Like sports, so goes real life, really. Just when you think you got your situation by the shorts, obstacles real and imagined emerge to derail your best laid plans. In Washington, where the spunky Wizards are turning to shamans and the ghost of Lee Atwater to avoid being swept by the Heat, people get crushed under sudden changes of fortune every day. By time you finish reading my this dose of babbling wisdom, many careers will have been lifted and crushed...sometimes that of the same person. DC is a freaky city, people. I spent 5 years of my 20s trying to make sense of it all and came away with a cynicism like armor plating, and a wounded liver.

Three weeks ago, John Bolton's chance of being our next UN Ambassador was equal to Reggie Miller popping up next to Katie Holmes on People's Most Beautiful People List. In the real world, and certainly in the corporate world, after you feel the boots of your colleagues for a month or three, you curl up into the fetal position and wait for a Human Resources generalist to drag you past the security guard and pitch you onto the street. Hopefully the site of stumbling bums and the stench of body stank and urine gives you a second wind to get up and pursue another career. Looks like John Bolton won't have to do that, because after withstanding everything the Democrats could throw at him, moderate Republicans, after some initial waffling on Bolton's nomination, are falling back in line.

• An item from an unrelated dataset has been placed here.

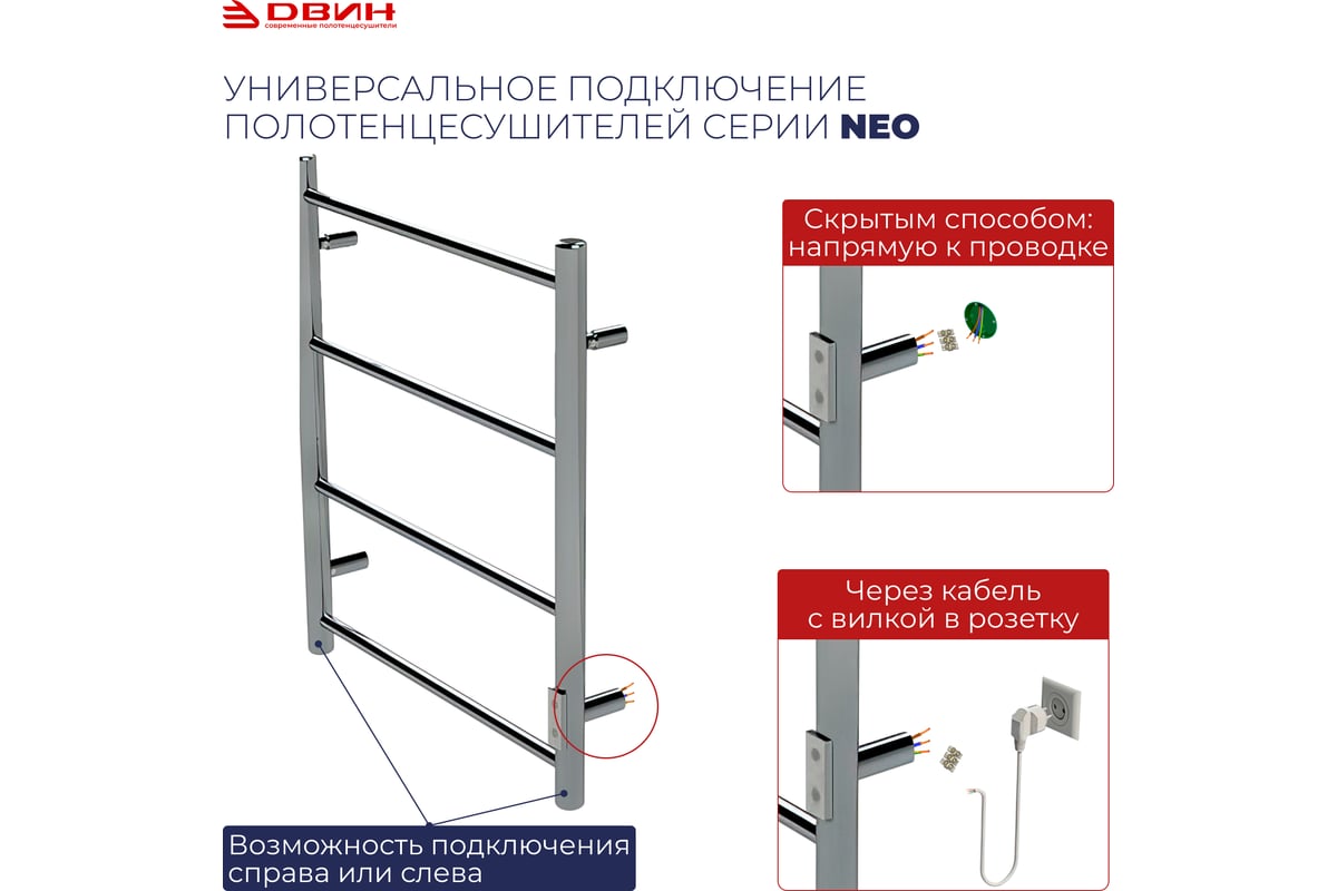 Электрический полотенцесушитель Двин – экономичный прибор с низким энергопотреблением. Продуманная конструкция делает возможным подключение к сети как с правой, так и с левой стороны.

Tangent: I'm wondering how Nancy Pelosi manages to wield power despite a political record on national issues that in comparison brings glory to the efforts of the 2k3 Detroit Tigers.

Enlightenment doesn't mean much in a theocratic democracy where no one between the Smokies and the Rockies agrees with a damn word you say. No, I'm not bashing faith, since most folks can't deal rationally and productively with the alternative, but there are good ideas that never come to the fore because those who propose good ideas can not hide their contempt for the vast majority of our electorate. This seems to keep us at an impasse and Dubbya the Junior is what we reap. Still, I say Dubbya can nominate damn near anyone he wants for HIS branch of government. John Bolton is something of an ideologue, does not think highly of UN bureaucracy, nor do I for that matter, and Mr. Bolton also seems to have an abrasive management style, which places him squarely in the company of 2/3 of the senior executives across our fine tax-slashed land-- including Pelosi's (and my) San Francisco.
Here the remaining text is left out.